• **The problem**: Copy the listing that follows exactly. Its pictures do not belong in the copy.

• **Dataset section**:
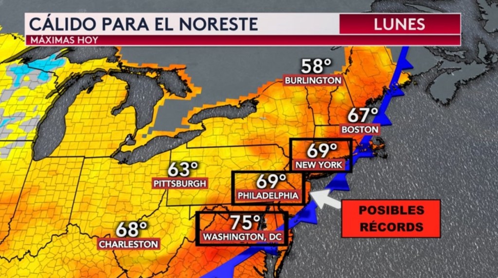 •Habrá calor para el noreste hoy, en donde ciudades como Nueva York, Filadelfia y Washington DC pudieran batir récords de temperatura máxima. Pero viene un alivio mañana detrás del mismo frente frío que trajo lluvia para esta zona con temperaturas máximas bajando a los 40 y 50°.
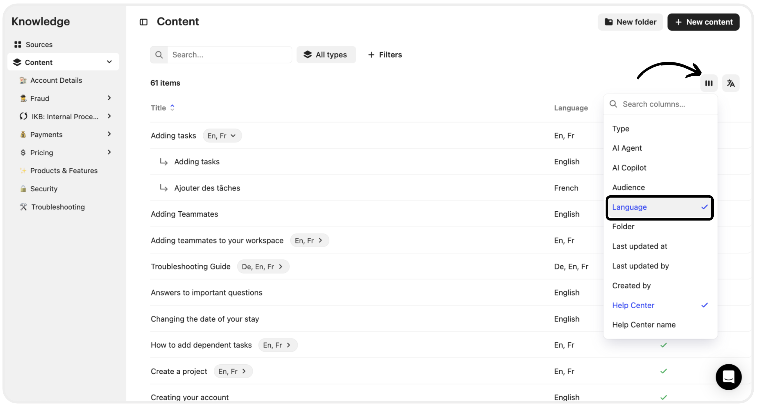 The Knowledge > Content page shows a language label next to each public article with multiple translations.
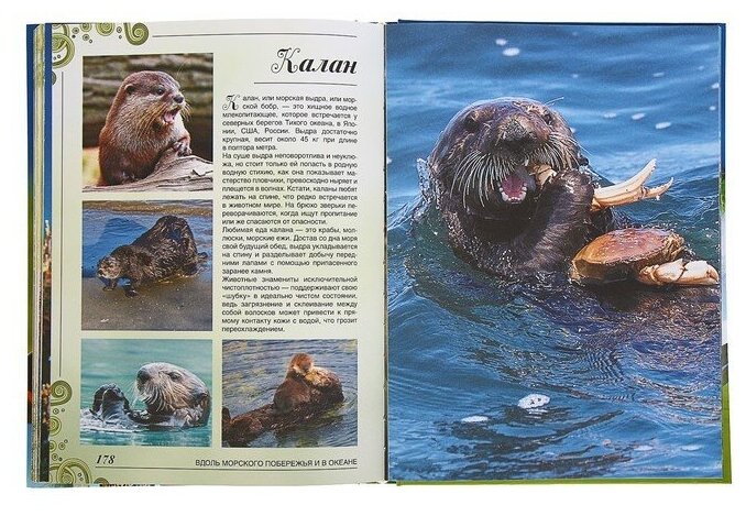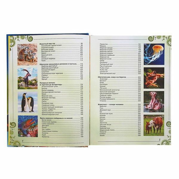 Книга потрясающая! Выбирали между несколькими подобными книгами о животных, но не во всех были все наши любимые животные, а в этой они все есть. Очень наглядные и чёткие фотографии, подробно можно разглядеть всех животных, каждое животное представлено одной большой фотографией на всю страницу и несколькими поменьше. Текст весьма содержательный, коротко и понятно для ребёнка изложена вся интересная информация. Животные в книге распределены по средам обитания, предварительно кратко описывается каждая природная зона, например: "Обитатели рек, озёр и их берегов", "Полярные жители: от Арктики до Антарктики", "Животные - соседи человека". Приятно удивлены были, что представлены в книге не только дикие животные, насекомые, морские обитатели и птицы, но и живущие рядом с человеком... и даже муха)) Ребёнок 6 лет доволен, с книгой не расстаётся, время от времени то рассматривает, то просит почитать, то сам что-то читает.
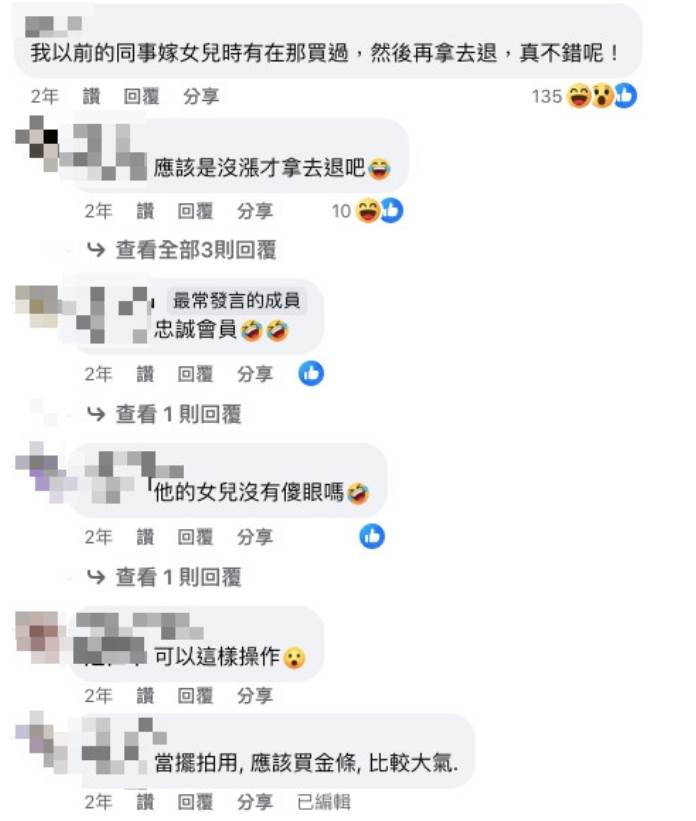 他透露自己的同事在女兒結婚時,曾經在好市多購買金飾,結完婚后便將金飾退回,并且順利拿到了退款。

• **Result for this task**:
 •Habrá calor para el noreste hoy, en donde ciudades como Nueva York, Filadelfia y Washington DC pudieran batir récords de temperatura máxima. Pero viene un alivio mañana detrás del mismo frente frío que trajo lluvia para esta zona con temperaturas máximas bajando a los 40 y 50°.
 The Knowledge > Content page shows a language label next to each public article with multiple translations.
 Книга потрясающая! Выбирали между несколькими подобными книгами о животных, но не во всех были все наши любимые животные, а в этой они все есть. Очень наглядные и чёткие фотографии, подробно можно разглядеть всех животных, каждое животное представлено одной большой фотографией на всю страницу и несколькими поменьше. Текст весьма содержательный, коротко и понятно для ребёнка изложена вся интересная информация. Животные в книге распределены по средам обитания, предварительно кратко описывается каждая природная зона, например: "Обитатели рек, озёр и их берегов", "Полярные жители: от Арктики до Антарктики", "Животные - соседи человека". Приятно удивлены были, что представлены в книге не только дикие животные, насекомые, морские обитатели и птицы, но и живущие рядом с человеком... и даже муха)) Ребёнок 6 лет доволен, с книгой не расстаётся, время от времени то рассматривает, то просит почитать, то сам что-то читает.
 他透露自己的同事在女兒結婚時,曾經在好市多購買金飾,結完婚后便將金飾退回,并且順利拿到了退款。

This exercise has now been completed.